A close observer of Digital History, Jon Ippolito @jonippolito, reminded me of Richard Rinehart’s priceless line: “Digital sources last five years or forever, whatever comes first.” That strikes me as a legitimate concern.
“Digital sources last five years or forever, whatever comes first.” depends on whom controls them
as for quality
a rather important question
The question of quality gets back to teachers whop know enough about a field so that when things seem “funny” their antennae go off asking at the very least to check for BS.
I am never sure about constitutes enough historical knowledge, but the answer is greater than “none” and sufficient to guide students in their online inquiries. This means that both teachers and students must develop some – gasp – critical thinking habits.
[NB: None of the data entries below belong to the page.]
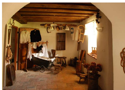
Stálá expozice muzea při IC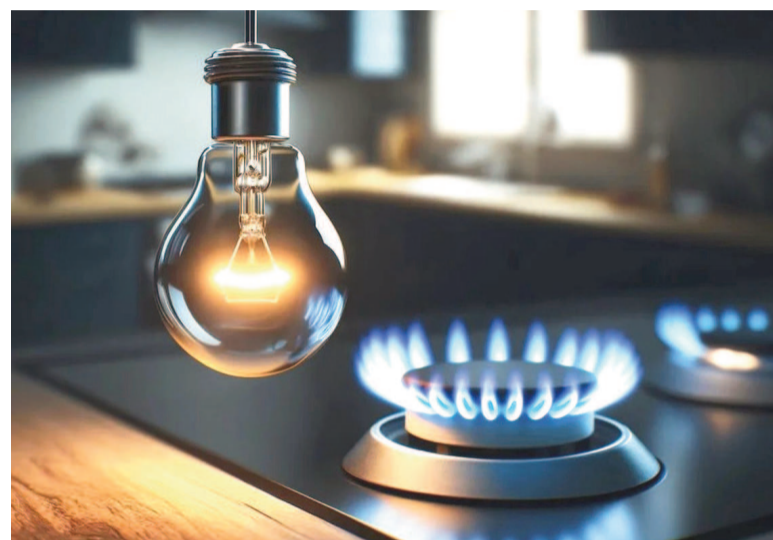
Servicios mas caros en septiembre.

La medida responde a la revisión quinquenal de tarifas y a la adecuación de precios mayoristas del gas en el punto de ingreso al sistema de transporte (PIST), afectando a los usuarios residenciales, comerciales e industriales de la zona licenciada. A partir de septiembre, los nuevos precios de gas en el PIST se trasladan íntegramente a los usuarios finales, conforme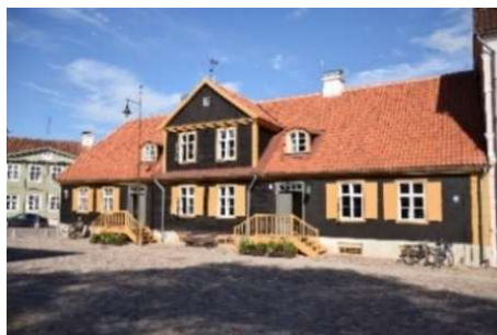
Vecais Rātsnams

2020. gadā nenotika neviens maksas pasākums, līdz ar to nebija arī ieņēmumu (attiecīgi 2019. gadā 16 maksas pasākumus apmeklējuši 163 dalībnieki, ieņēmumi 1 112,00 EUR, 2018. gadā 26 maksas pasākumus apmeklējis 231 dalībnieks, ieņēmumi 1 832,00 EUR; 2017. gadā – 243 dalībnieki, ieņēmumi 841,00 EUR.).

Paul, you offer a nice encapsulation of the complexity of the internet for historical practice. I suspect that it will be some time before the history discipline becomes more comfortable with the interent as a practical tool. Many in the profession remain wedded to official archives as the repository of the purest remnants of the past.
Still, digital history provides students with important learning tools, resources and thought processes that 21st century teachers can no longer ignore. This is why Professor Lévesque is currently engaged with colleague Adam Friedman, from Wake Forest University in North Carolina, in a comparative Canada-US study of high school student learning with technology. Looking at how comparable history subjects, such as Canada-US relations and the War of 1812, can be taught with digital technology, this SSHRC-funded research aims to uncover the particular ways in which Canadian and American teachers and students can learn in technology- connected settings.
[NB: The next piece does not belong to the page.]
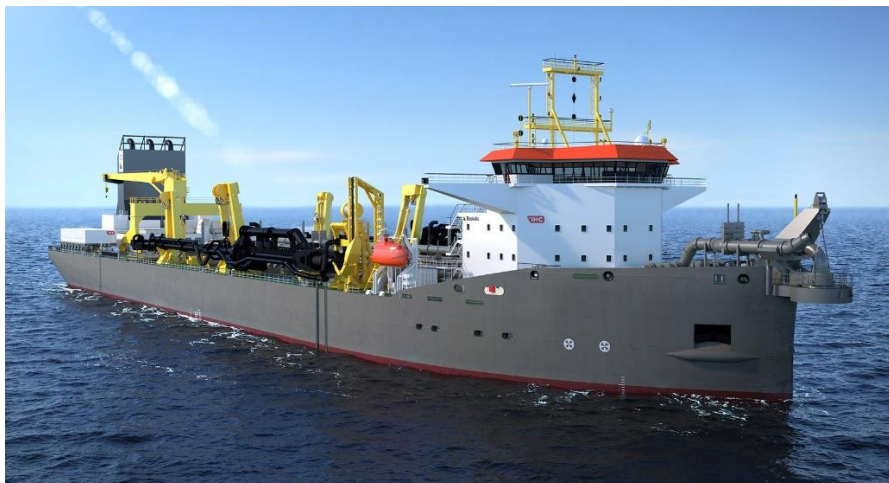
Artist's impression van de nieuwe Boskalis sleephopperzuiger

Boskalis heeft met de Nederlandse scheepsbouwer Royal IHC een contract getekend voor de bouw van een grote ultramoderne sleephopperzuiger. De gunning van het contract volgt op een uitvoerige ontwerpfase. Het schip krijgt een beuncapaciteit van 31.000 m 3 en wordt de komende jaren op de IHC werf in Krimpen aan den IJssel gebouwd.

This is a good discussion about the impact of Digital History but I would argue that there is a difference between Digital History as a (sub) field in its own right which attempts to study history in new ways using new technological applications, and the broader issue of the field of historical study in the digital age. The latter affects all historians since the digital age, in its broadest sense, is challenging the essential nature of what we understand as the past and how we study it as historians. More to the point, as more and more material is originally created in digital form (or digital born), there are huge questions to be asked about how this future archive of material is preserved – what is preserved, how much can be preserved, how much will be lost to the historian of the future in the digital black hole. It is absolutely true that the sheer volume of material created electronically is growing exponentially but in day to day life how much social history is potentially lost forever by casual use of the delete key? Hard copy letters, diaries and photographs stand a much better chance of serendipitous survival than do text messages or emails.
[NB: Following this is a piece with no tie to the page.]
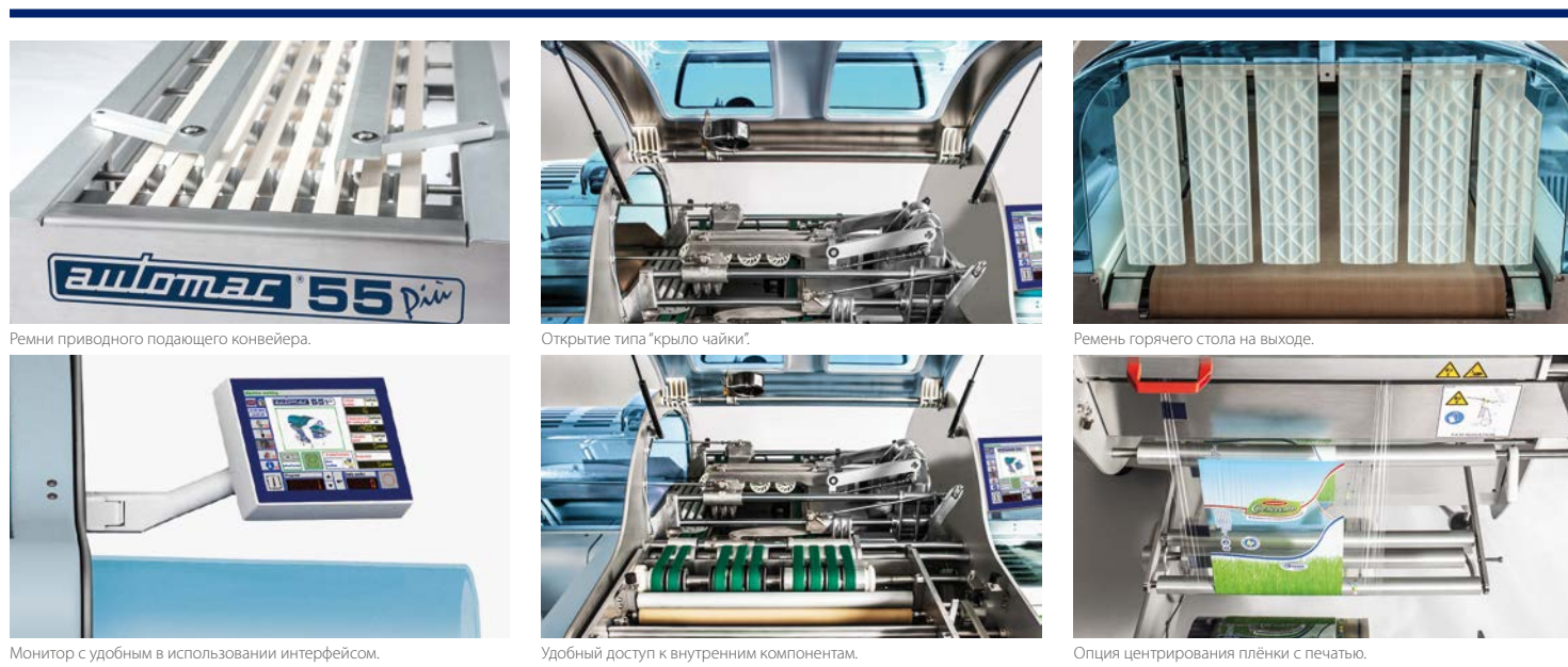
Ремень приводного подающего конвейера.

Paul makes the valid point that “today’s students are digital natives and generally far more savvy than their professors”. The flip side to this is that students do not yet have the rigorous methodological experience of their professors to apply to their internet searches. If digital methodology and its potential perils are not taught as part of university history courses then the new generation of historical scholars run the risk of viewing a digital source (whether digitized or digital born) and a hard copy source as the same, requiring the same approaches, interpretation and methodology, when this is not the case at all. More than anything else, changing the medium changes the context of how something is understood and, vitally to historians, how it is interpreted. Holding a letter in your hand as you read it is an entirely different experience to reading the same letter from a computer screen. Conversely, reading a personal text message on your mobile phone is a much more intimate experience and requires different consideration of context than uploading the same message to Twitter where it is visible to a large audience.
Professors should certainly use more dynamic learning tools in classes, but they must also teach their students (and sometimes their colleagues!) to question the provenance of online material; to ask who put it there, why, and what is omitted as well as what is accessible. The notion that if is it is not on Google it does not exist is a dangerous one for historical scholars!